High maternal HbA1c is associated with overweight in neonates

Maria Rudkjær Mikkelsen1, Sigrid Bruun Nielsen1, Edna Stage1, Elisabeth R. Mathiesen2 & Peter Damm3,

1. sep. 2011
13 min.

Faktaboks

Fakta

The prevalence of gestational diabetes mellitus (GDM) in Denmark is 2-3% [1] and the condition is defined as any degree of glucose intolerance with onset or first recognition during pregnancy [2]. Glucose crosses the placental barrier, and the resulting higher levels of foetal glucose in gestational diabetic pregnancy induce hyperinsulinaemia, which is associated with an increased risk of large-for-gestational age (LGA) infants, shoulder dystocia and neonatal hypoglycaemia [3-5]. Intensive treatment of the maternal hyperglycaemia decreases the risk of these complications [6-8]. The treatment strategy for women with GDM is therefore to maintain blood glucose levels within the "near-normal" range in pregnancy.

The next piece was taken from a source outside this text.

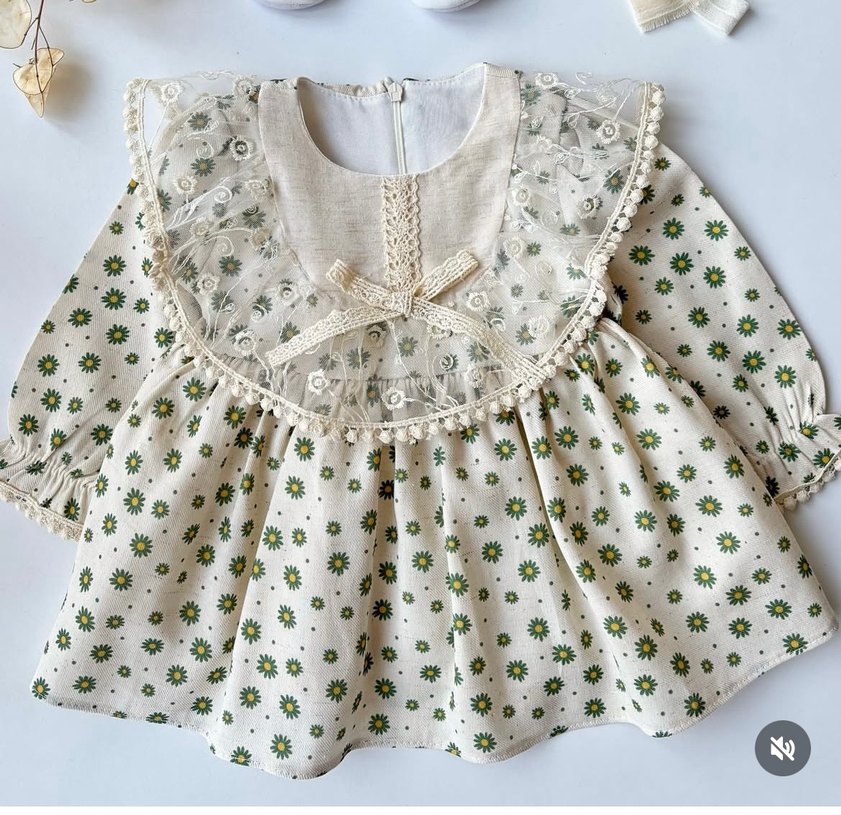 Uzun kollu, yakalı ve nakışlı çiçek desenli kız çocuk elbisesi. Bol kesim ve dantel detaylarıyla bohem tarzda. Astar ve tütsü mevcut Keten kumaş sadece 1 kere giyildi hiç bır defosu yoktur

HbA1c is widely used as a measure of metabolic control during pregnancy, and it has been documented that it is associated with diabetes-related pregnancy complications in type 1 diabetes [9]. In addition, HbA1c can be measured independently of the patient’s compliance with glucose monitoring and it is therefore of special value in women with suboptimal treatment compliance. The value of using HbA1c as a treatment goal and risk marker of complications in the newborns of women with GDM has, to our knowledge, not previously been described in the literature.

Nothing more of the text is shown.